1. The general structure of the gills of different fishes is compared and it is concluded that, though essentially the same, there are certain differences by which they can be recognized. Possible ways in which they may have evolved from one another are considered. 2. A detailed account is given of the structure of the secondary lamellae, where gaseous exchange takes place, and it is shown that two epithelial sheets are separated by a vascular axis mainly composed of pillar cells overlain by a basement membrane on each side. Blood pathways through the gills are discussed in relation to their respiratory function. 3. The embryonic development of gills is described and evidence regarding homo-logies of different structures, particularly the pillar cells, is reviewed. 4. The gills of fish having different modes of life show variations in (a) the number of arches, (b) the number and length of the gill filaments, and (c) the size and frequency of the secondary lamellae.
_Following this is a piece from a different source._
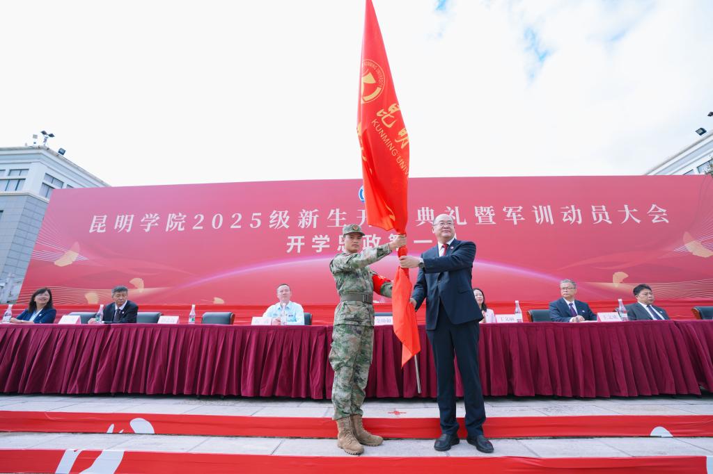 金幼和为昆明学院2025级新生军训团授旗,军训团团长接旗。

Ways in which measurements of gill area may be carried out and some of the complications involved are reviewed and a summary given of measurements made for a wide variety of species. Measurements of the thickness of the water-blood barrier are also discussed; the more active fish generally have thinner water-blood barriers and larger gill areas. 5. The different mechanisms of gill ventilation are summarized and characteristics of gill resistance in elasmobranchs and teleosts are compared. Gas exchange is discussed in relation to available techniques and the current terminology and symbols, and to indicate the value of analogies between gill exchangers and systems studied by engineers. 6. It is outlined how studies of the functioning of gills during coughing, parasitic infection, and in polluted waters add to knowledge of their role in respiration.